TASK DATA:

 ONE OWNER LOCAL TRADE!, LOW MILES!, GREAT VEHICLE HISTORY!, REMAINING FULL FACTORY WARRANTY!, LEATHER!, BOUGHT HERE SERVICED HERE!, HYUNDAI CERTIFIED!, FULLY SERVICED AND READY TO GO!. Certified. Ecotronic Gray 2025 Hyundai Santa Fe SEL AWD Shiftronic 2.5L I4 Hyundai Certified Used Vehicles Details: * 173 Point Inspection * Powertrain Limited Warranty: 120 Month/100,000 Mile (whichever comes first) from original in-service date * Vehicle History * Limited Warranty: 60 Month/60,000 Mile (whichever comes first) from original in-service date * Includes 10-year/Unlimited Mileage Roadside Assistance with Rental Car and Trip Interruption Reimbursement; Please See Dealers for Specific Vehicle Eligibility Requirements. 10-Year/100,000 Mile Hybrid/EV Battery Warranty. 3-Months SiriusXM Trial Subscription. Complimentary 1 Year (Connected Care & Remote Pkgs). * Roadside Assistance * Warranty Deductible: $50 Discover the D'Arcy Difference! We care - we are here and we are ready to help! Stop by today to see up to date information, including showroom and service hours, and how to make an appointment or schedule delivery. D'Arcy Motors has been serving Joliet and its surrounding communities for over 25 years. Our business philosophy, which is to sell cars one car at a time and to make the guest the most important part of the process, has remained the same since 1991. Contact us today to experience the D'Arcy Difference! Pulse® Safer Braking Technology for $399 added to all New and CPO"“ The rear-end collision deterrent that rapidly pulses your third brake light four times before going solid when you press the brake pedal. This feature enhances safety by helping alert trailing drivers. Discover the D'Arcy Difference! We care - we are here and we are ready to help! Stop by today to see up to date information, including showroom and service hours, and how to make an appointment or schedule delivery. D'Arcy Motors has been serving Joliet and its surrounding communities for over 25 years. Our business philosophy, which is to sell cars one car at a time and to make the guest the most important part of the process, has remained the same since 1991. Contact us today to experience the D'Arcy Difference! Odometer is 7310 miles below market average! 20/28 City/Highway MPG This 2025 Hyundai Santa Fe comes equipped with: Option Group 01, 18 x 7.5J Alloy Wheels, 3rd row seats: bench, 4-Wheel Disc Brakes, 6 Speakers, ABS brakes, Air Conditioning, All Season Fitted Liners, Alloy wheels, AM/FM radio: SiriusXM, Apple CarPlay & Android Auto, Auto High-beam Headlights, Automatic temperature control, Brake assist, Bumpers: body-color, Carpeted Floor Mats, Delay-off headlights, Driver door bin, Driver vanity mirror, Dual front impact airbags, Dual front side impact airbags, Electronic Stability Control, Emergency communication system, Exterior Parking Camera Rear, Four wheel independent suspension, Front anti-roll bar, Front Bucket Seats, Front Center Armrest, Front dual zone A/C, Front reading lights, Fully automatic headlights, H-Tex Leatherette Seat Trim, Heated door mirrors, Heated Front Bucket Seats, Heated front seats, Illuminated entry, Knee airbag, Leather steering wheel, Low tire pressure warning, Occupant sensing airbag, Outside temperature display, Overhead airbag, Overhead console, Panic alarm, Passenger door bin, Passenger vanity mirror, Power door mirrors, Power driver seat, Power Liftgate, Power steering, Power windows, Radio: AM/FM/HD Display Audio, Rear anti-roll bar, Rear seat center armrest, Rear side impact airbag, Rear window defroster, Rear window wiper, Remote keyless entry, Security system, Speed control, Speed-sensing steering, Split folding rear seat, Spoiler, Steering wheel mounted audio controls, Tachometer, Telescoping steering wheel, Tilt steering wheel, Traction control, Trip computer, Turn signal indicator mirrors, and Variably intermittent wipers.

...

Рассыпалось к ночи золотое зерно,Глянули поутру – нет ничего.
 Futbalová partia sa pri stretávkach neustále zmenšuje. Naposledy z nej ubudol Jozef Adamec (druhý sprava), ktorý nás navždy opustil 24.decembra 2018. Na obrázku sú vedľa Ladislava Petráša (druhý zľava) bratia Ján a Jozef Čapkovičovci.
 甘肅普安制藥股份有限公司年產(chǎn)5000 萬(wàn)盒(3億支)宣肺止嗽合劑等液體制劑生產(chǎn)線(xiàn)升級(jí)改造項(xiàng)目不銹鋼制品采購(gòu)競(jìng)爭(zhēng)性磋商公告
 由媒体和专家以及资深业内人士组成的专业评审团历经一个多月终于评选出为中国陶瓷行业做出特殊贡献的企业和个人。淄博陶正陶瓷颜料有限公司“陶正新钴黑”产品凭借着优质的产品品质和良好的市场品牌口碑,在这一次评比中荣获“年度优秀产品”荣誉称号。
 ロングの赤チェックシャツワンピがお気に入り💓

...

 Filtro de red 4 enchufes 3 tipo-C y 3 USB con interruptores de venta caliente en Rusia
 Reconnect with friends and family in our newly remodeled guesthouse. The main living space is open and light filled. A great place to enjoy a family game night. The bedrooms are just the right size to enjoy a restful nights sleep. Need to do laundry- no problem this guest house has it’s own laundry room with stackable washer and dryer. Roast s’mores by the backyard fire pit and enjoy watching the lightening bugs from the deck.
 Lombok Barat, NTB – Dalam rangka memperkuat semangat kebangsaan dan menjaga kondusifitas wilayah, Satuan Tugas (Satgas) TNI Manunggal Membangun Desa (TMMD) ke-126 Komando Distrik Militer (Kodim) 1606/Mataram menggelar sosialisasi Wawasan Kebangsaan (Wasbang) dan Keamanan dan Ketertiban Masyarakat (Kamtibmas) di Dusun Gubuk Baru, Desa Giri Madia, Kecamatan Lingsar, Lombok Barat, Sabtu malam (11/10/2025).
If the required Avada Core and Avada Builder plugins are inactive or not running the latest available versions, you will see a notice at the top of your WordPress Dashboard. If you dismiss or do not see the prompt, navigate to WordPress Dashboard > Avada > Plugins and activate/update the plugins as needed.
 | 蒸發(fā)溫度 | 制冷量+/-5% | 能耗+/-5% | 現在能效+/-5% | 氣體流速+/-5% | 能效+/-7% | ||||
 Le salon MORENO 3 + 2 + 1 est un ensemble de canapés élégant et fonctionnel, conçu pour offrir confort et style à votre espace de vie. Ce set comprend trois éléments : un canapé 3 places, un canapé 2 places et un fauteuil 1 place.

ACTIVITY: Repeat word for word the lines above that run from the line containing "Futbalová partia sa" through the line containing "由媒体和专家以及资深业内人士", both ends included, and nothing else.

RESULT OF THE EXERCISE:
 Futbalová partia sa pri stretávkach neustále zmenšuje. Naposledy z nej ubudol Jozef Adamec (druhý sprava), ktorý nás navždy opustil 24.decembra 2018. Na obrázku sú vedľa Ladislava Petráša (druhý zľava) bratia Ján a Jozef Čapkovičovci.
 甘肅普安制藥股份有限公司年產(chǎn)5000 萬(wàn)盒(3億支)宣肺止嗽合劑等液體制劑生產(chǎn)線(xiàn)升級(jí)改造項(xiàng)目不銹鋼制品采購(gòu)競(jìng)爭(zhēng)性磋商公告
 由媒体和专家以及资深业内人士组成的专业评审团历经一个多月终于评选出为中国陶瓷行业做出特殊贡献的企业和个人。淄博陶正陶瓷颜料有限公司“陶正新钴黑”产品凭借着优质的产品品质和良好的市场品牌口碑,在这一次评比中荣获“年度优秀产品”荣誉称号。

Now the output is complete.